Download or read book Words Books Images and the Long Eighteenth Century written by Antoinina Bevan Zlatar and published by John Benjamins Publishing Company. This book was released on 2021-12-15 with total page 270 pages. Available in PDF, EPUB and Kindle. Book excerpt: The essays collected in this volume engage in a conversation among lexicography, the culture of the book, and the canonization and commemoration of English literary figures and their works in the long eighteenth century. The source of inspiration for each piece is Allen Reddick’s scholarship on Samuel Johnson (1709-1784), the great English lexicographer whose Dictionary (1755) included thousands upon thousands of illustrative quotations from the “best” authors, and, more recently, on Thomas Hollis (1720-1774), the much less well-known bibliophile who sent gifts of books by a pantheon of Whig authors to individuals and libraries in Britain, Protestant bastions in continental Europe, and America. Between the covers of Words, Books, Images readers will encounter canonical English authors of prose and poetry—Bacon, Milton, Defoe, Dryden, Pope, Richardson, Swift, Byron, Mary Shelley, and Edward Lear. But they will also become acquainted with the agents of their canonization and commemoration—the printers and publishers of Grub Street, the biographer John Aubrey, the lexicographer and biographer Johnson, the bibliophile Hollis, and the portrait painter Reynolds. No less crucially, they will meet fellow readers of then and now—women and men who peruse, poach, snip, and savour a book’s every word and image.
Download or read book British Masculinity in the Gentleman s Magazine 1731 to 1815 written by Gillian Williamson and published by Springer. This book was released on 2016-01-27 with total page 399 pages. Available in PDF, EPUB and Kindle. Book excerpt: The Gentleman's Magazine was the leading eighteenth-century periodical. By integrating the magazine's history, readers and contents this study shows how 'gentlemanliness' was reshaped to accommodate their social and political ambitions.

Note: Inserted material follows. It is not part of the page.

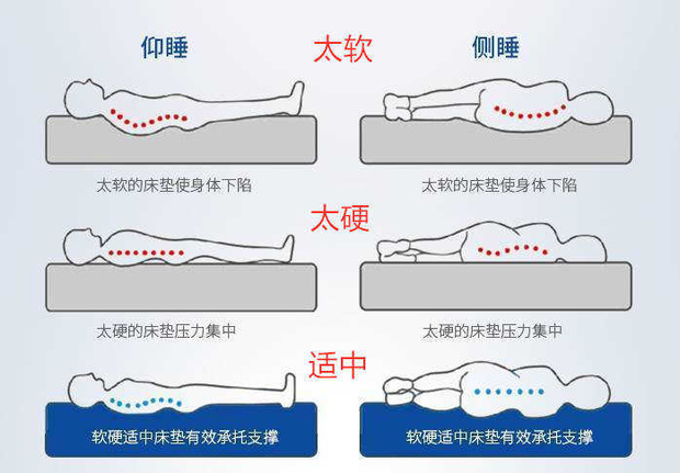 很多人都不清楚自己的睡姿是怎样的,其实您入睡时经常是哪种姿势,那就是您最自然的睡姿。以习惯的睡姿躺下,寻找可以对您的肩部、腰部和臀部都能提供足够承托、使您脊柱保持在同一水平线上的床垫。 侧卧:须保持记住处于同一水平线上,因此应选择柔软的床垫,随肩部和臀部的体形自然变化,给予适宜承托。 仰卧:颈部和腰部需要获得更多承托,因此应选择较硬的床垫,以避免以上身体部位过度陷入床垫。 俯卧:应尝试挑选硬度较大的床垫,尽可能减少颈部和背部受到的压力。

Download or read book An Eighteenth century Gentleman and Other Essays written by Sydney Castle Roberts and published by . This book was released on 1933 with total page 148 pages. Available in PDF, EPUB and Kindle. Book excerpt:
Download or read book The Gentleman s Daughter written by Amanda Vickery and published by Yale University Press. This book was released on 2003-08-11 with total page 612 pages. Available in PDF, EPUB and Kindle. Book excerpt: Based on a study of the letters, diaries and account books of over 100 women from commercial, professional and gentry families, mainly in provincial England, this book provides an account of the lives of genteel women in Georgian times.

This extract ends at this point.